Would you like to help us?

Article by: Andacs Robert Eugen, on 26 August 2023, at 07:44 am PDT

The study of exoplanets is going through a significant change, with more than 5,000 confirmed exoplanets that have been discovered so far in our galaxy. Experts estimate that this number will increase substantially in the next decade. The Transiting Exoplanet Survey Satellite (TESS) has already identified over 4,000 candidate exoplanets, and the Planetary Transits and Oscillations of Stars (PLATO) is scheduled to launch in 2026.

We are on the verge of discovering more than 10,000 potentially habitable worlds in the near future. This is an astonishing concept, but it also challenges how we allocate our resources in the search for extraterrestrial life. The main issue is how to prioritize our search endeavors.
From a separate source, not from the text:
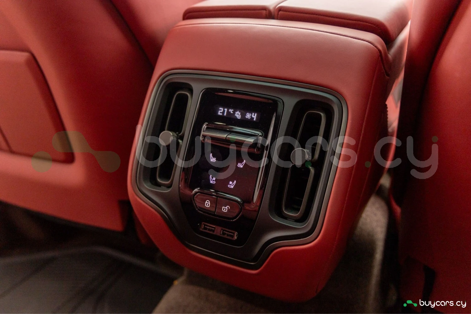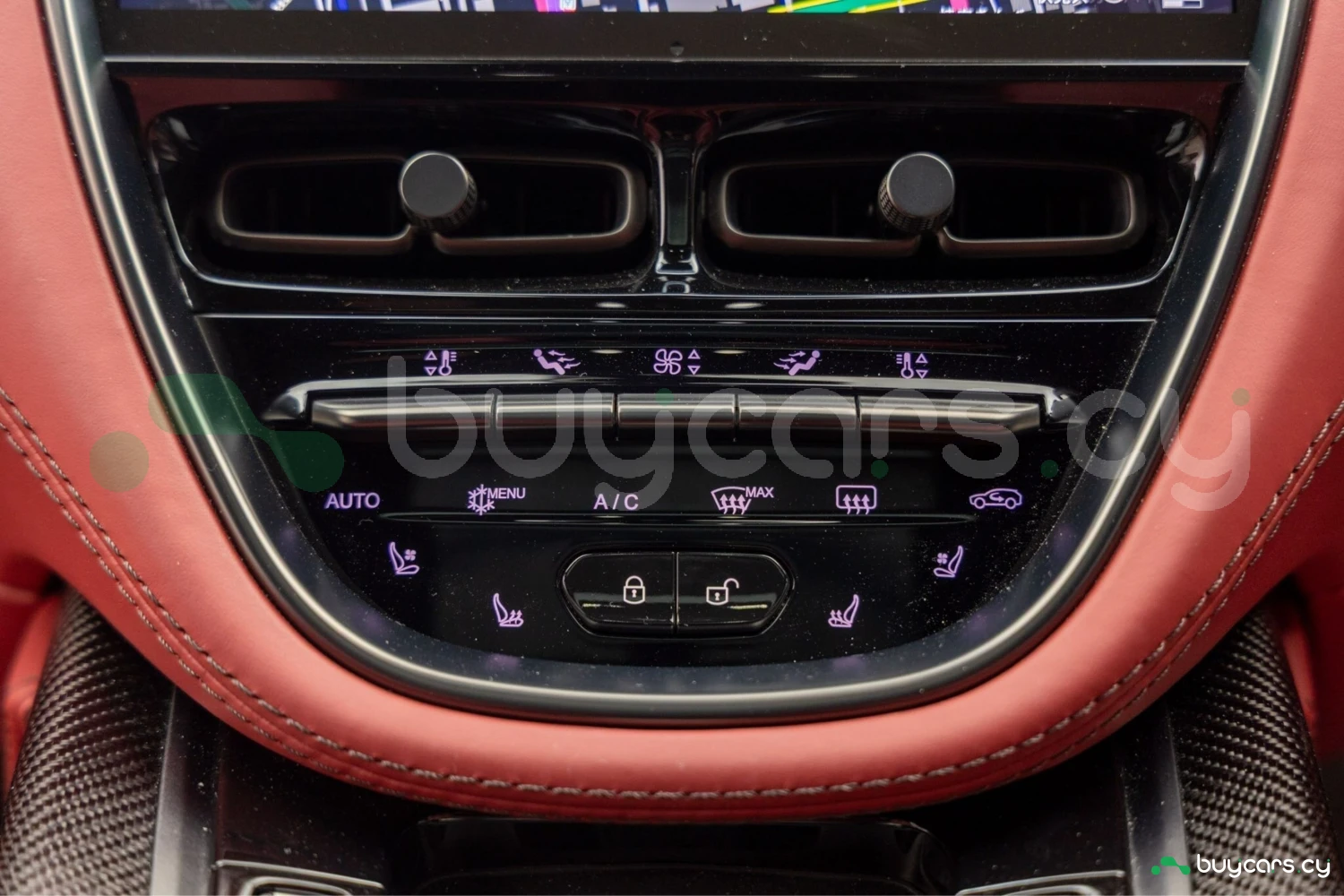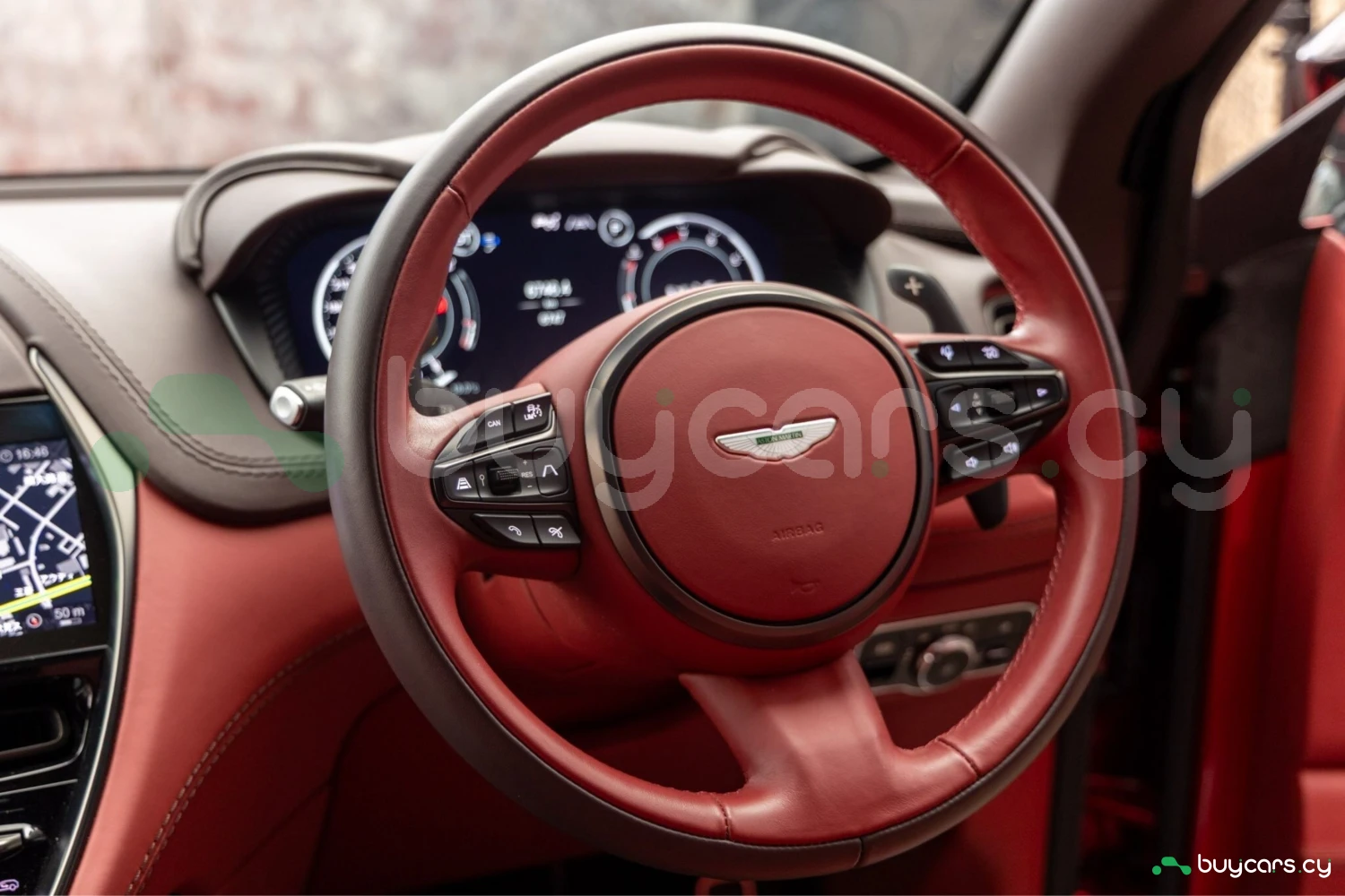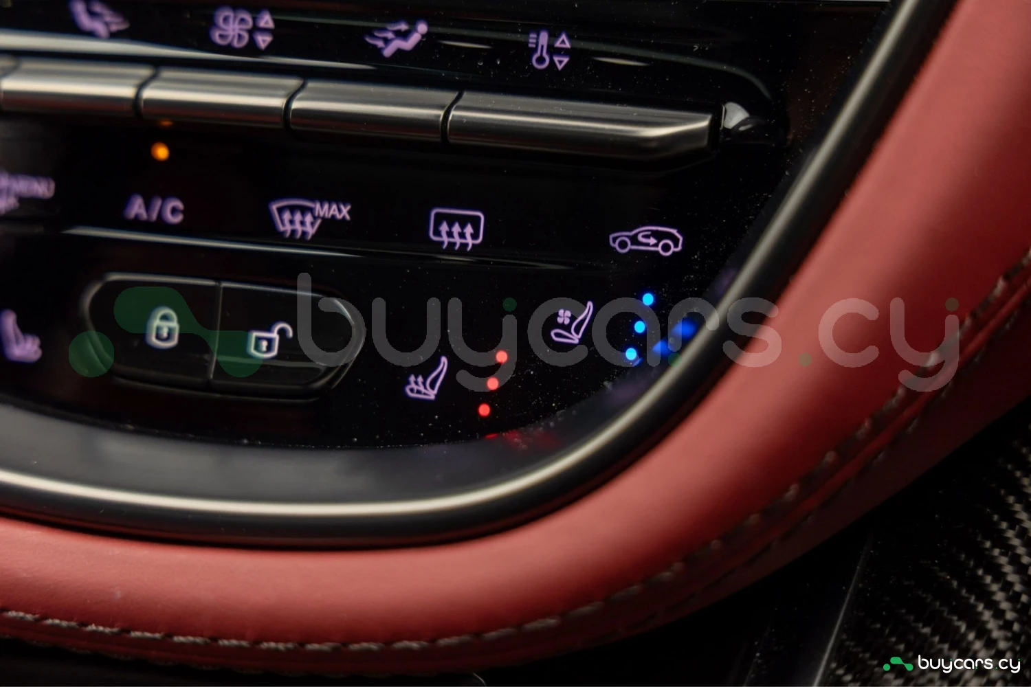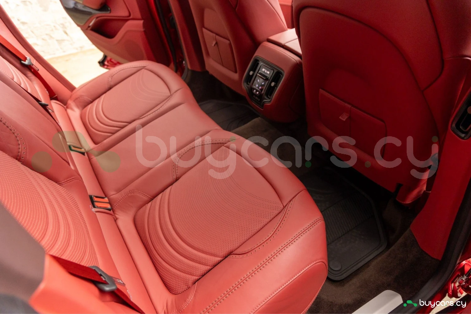 Салон рассчитан на пять человек и отделан Duotone Leather (Red/Brown) с leather roof liner и элементами Carbon Interior. Из оборудования — Heated & Ventilated Seats, Seat air conditioning, Seat heater, электрические регулировки сидений, TV: Full-segment, Display audio с поддержкой Apple CarPlay/Android Auto, Car navigation system (HDD) и dashcam. Для удобства предусмотрены Keyless, Smart key, Power windows и возможность подключения музыкального плеера.

A recent paper published on the arXiv pre-print server focuses on identifying the best exoplanet candidates for further study using the James Webb Space Telescope (JWST). The researchers aim to unravel the mysteries of diverse exoplanetary atmospheres and potentially find signs of life. They have developed a methodology that categorizes confirmed and candidate exoplanets based on two crucial parameters: planet radius and estimated surface temperature.
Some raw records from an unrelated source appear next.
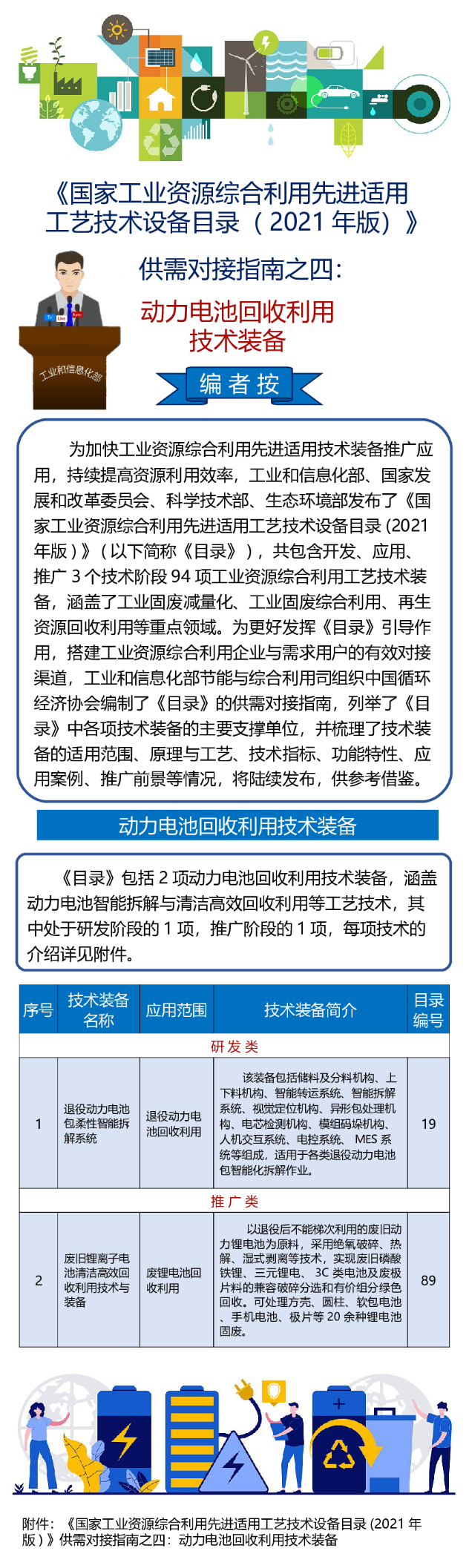 《國家工業資源綜合利用先進適用工藝技術設備目錄(2021年版)》供需對接指南之四:動力電池回收利用技術裝備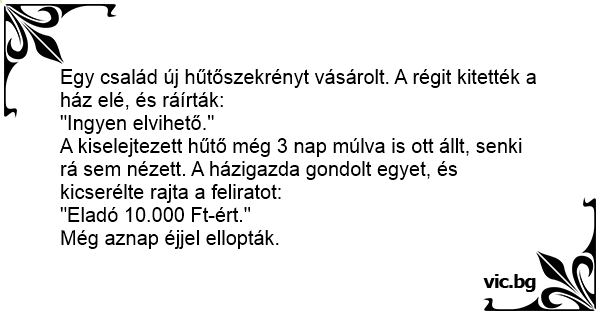 A kiselejtezett hűtő még 3 nap múlva is ott állt, senki rá sem nézett. A házigazda gondolt egyet, és kicserélte rajta a feliratot: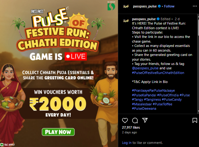 Grab this exciting chance to play, celebrate and win! Join the #PulseOfFestiveRun – Chhath Edition Game Contest 2025 and bring the joy of Chhath Puja to life with Pass Pass Pulse.

This method will help to identify prime candidates for closer scrutiny, creating a strategic approach to the quest for extraterrestrial life.

In the search for exoplanets, a careful evaluation process is used to identify those with the greatest potential for detectable transmission or emission spectra. This involves a dual-ranking process using transmission and emission spectroscopy metrics (TSM) and emission spectroscopy metrics (ESM). These metrics measure spectral strength in relation to background noise and are followed by an assessment of the feasibility of spectrum detection using existing observatories.

This process has yielded a select group of 103 exoplanets sourced from TESS candidates. These candidates were then subjected to the TESS Follow-up Observation Program, resulting in 14 exoplanets being confirmed as "best in class" targets for JWST observation. These 14 exemplars will undergo detailed characterization of their atmospheres, providing invaluable understanding for future astronomical missions such as the Atmospheric Remote-sensing Infrared Exoplanet Large Survey (ARIEL).

This research emphasizes the importance of including these 14 exoplanets in JWST's observation itinerary, given their potential to advance our understanding of exoplanetary atmospheres. While ongoing observations may expand this list, these 14 luminaries are a sturdy foundation for exoplanetary exploration. The JWST's observational capabilities are highly sought after, making it a competitive resource for astronomical research.

The research has been published here.